Fashion is a deliberately fickle and fast-paced industry, and the increasing move towards low-priced but high-volume shopping, sometimes called “the Primark effect”, has capitalised on that. When clothing seems to cost so little, it’s easy to buy almost without thinking. We’ve surely all picked up something which catches our eye and that’s so cheap that we can barely be bothered to consider whether it goes with anything else we own, where we might wear it, or whether it even really fits us properly, before we head to the till.

This kind of thoughtless shopping must surely be at least partly responsible for the staggering statistic that half of all the clothes, shoes and accessories purchased last year by women in the UK have never been worn, resulting in the waste of an estimated £11.1 billion, according to figures released by the climate change charity Global Cool. Closer to home, the survey showed that the average Glaswegian women (unfortunately, men weren’t questioned) spent £1,074 on clothing and accessories in 2008, a whopping £472 of which went on clothes that remained unworn.

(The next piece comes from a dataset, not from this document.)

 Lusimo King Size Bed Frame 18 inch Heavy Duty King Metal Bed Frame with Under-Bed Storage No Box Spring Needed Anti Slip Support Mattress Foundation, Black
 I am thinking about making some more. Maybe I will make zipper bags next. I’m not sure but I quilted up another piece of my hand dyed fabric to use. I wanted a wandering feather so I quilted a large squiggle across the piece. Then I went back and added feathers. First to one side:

Fast fashion, while selling itself as a bargain, looks like a false economy in the face of such figures. While the price tag may be small, the true cost isn’t marked on the label, but is felt elsewhere — in its impact on the environment, for example. The energy and materials used to produce, transport and sell these unworn garments go to waste, and the clothes themselves will usually end up in landfill. Even the old systems of recycling and circulating unwanted clothing, such as second-hand and charity shops, can’t deal with our new shopping habits. These clothes are often of such poor quality, and sold so cheaply in the first place, that selling them on as second-hand clothing simply isn’t worthwhile: charity shops struggle to price the second-hand garments any lower than the price charged “as new” and still make enough money to cover their overheads, while quality is so poor that after a few wears, much “fast fashion” is fit only for the bin.

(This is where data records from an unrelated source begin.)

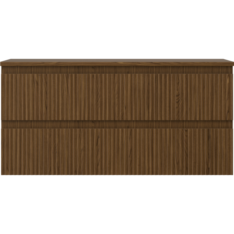 De glatte overflatene med PVC-folie er enkle å rengjøre og vedlikeholde, samtidig som den UV-bestandige overflaten bidrar til lang levetid og motstand mot falming. Mekanismen for myk lukking sørger for stille og kontrollert lukking av skuffene, noe som gir økt komfort i hverdagen og beskytter både innhold og møbel. Den riflete fronten i valnøtt gir et moderne og eksklusivt uttrykk som løfter helhetsinntrykket av baderommet.
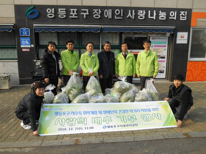 [영등포신문=김경진 기자] 영등포구시설관리공단(이사장 고현순) 제2스포츠센터는 지난 12월 7일 옥상 텃밭을 활용해 재배한 친환경 배추를 영등포구 관내 취약계층에게 지원하는 사랑의 배추 기부 행사를 실시했다고 밝혔다.
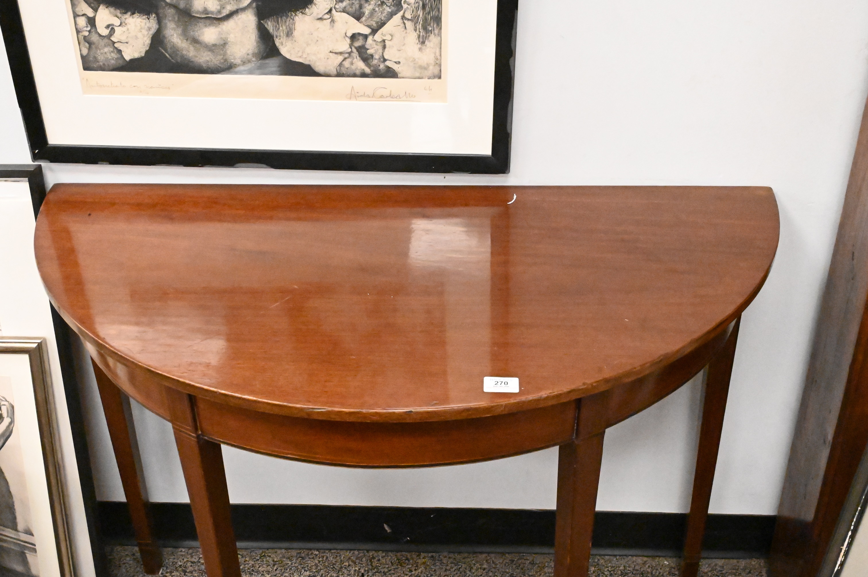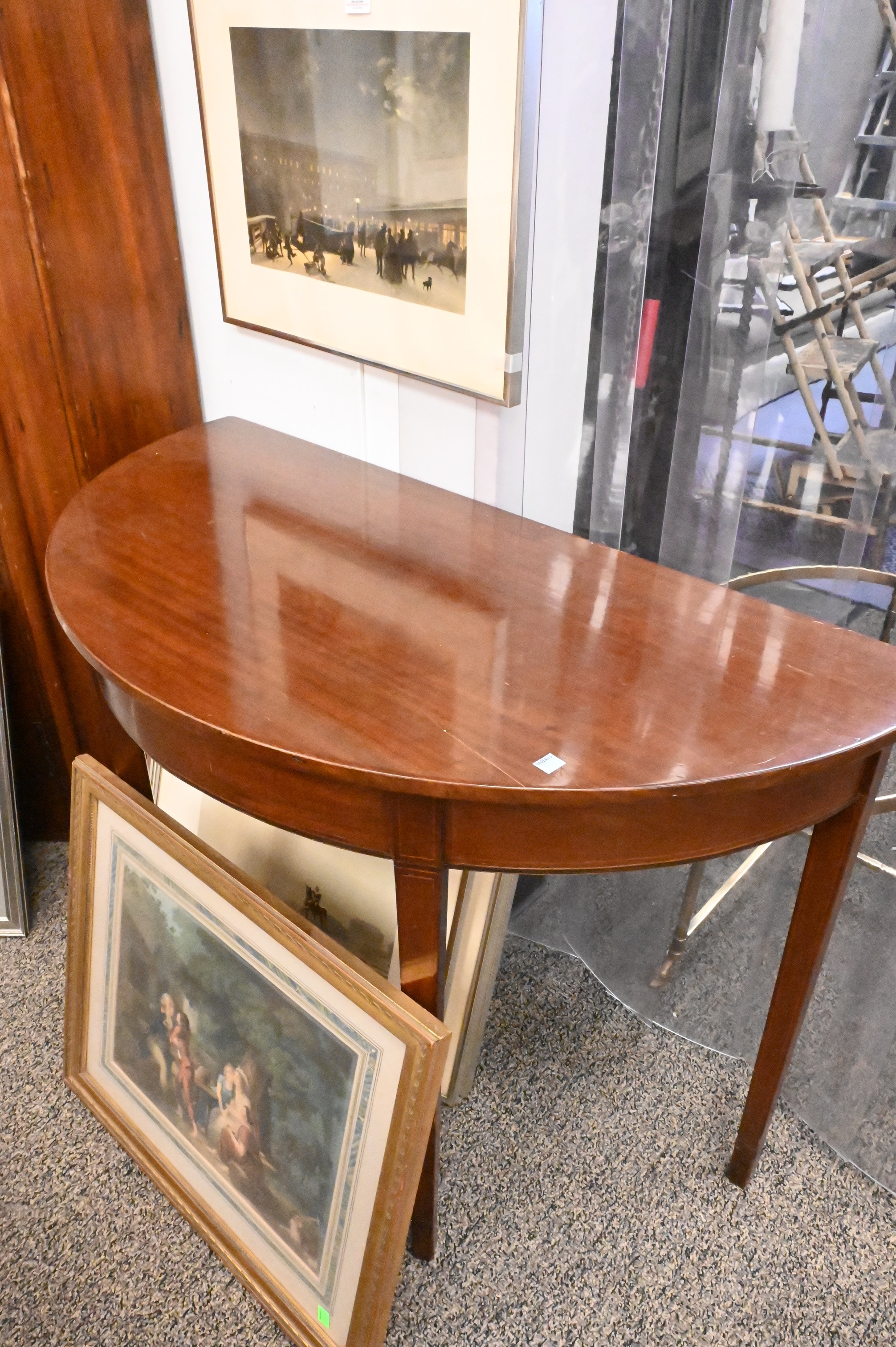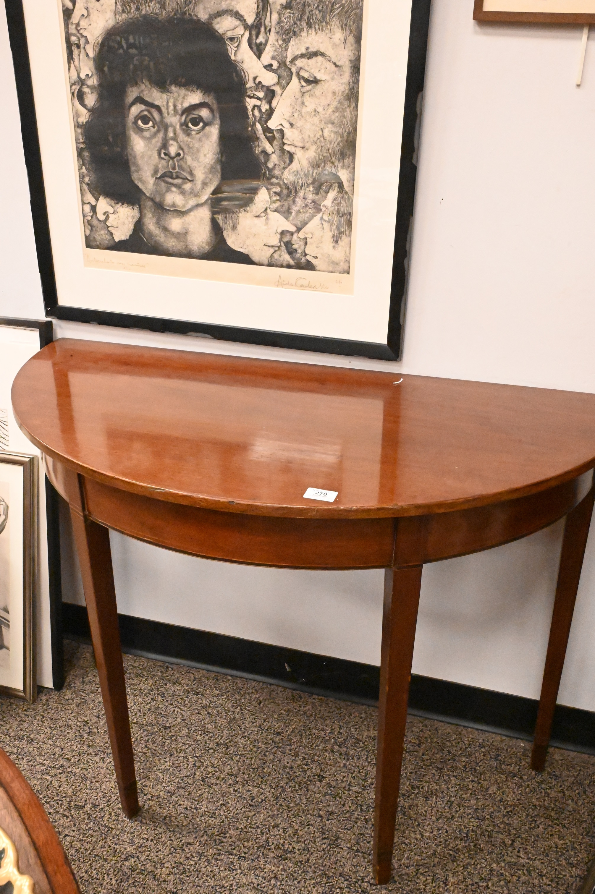 Pair of Demilune Mahogany Tables, originally part of three part table, height 30 inches, width 41 inches, depth 21 inches.

That affordable clothing is available for people on tight budgets — i.e., most students — is obviously something to be welcomed. That said, we’d be doing ourselves, and our planet, a huge favour if we learned to focus a little more on quality over quantity. While Vogue might blithely recommend prudently investing in a few “statement pieces” that turn out to include a £1500 mackintosh, even those of us on tighter budgets can, paradoxically, save in the long run by spending more initially. Buy a new pair of £25 shoes each month, for example, and the chances are that, in three years’ time, they’ll all have been consigned to the great wardrobe in the sky — some, if Global Cool’s survey is correct, still unworn. Meanwhile, you’re back where you started and have to hit the shops again. Spend the same total on just one or two carefully chosen pairs each year, and you’re much more likely to take care of them, polish them, waterproof them, get them re-heeled, and treasure them for years to come.

Whether I’ll still treasure a dress that I’ve worn for 31 days straight come the end of March is debatable, but I’ll be blogging the One Dress, One Month experience at, hoping to show (myself, as much as anyone) just how much mileage can be got out of one outfit with a little creativity — and a lot of accessories. We all know that no relationship stands a chance without respect — so for those of us who love fashion, isn’t it time we learned to respect the clothes we buy, rather than treating them as disposable?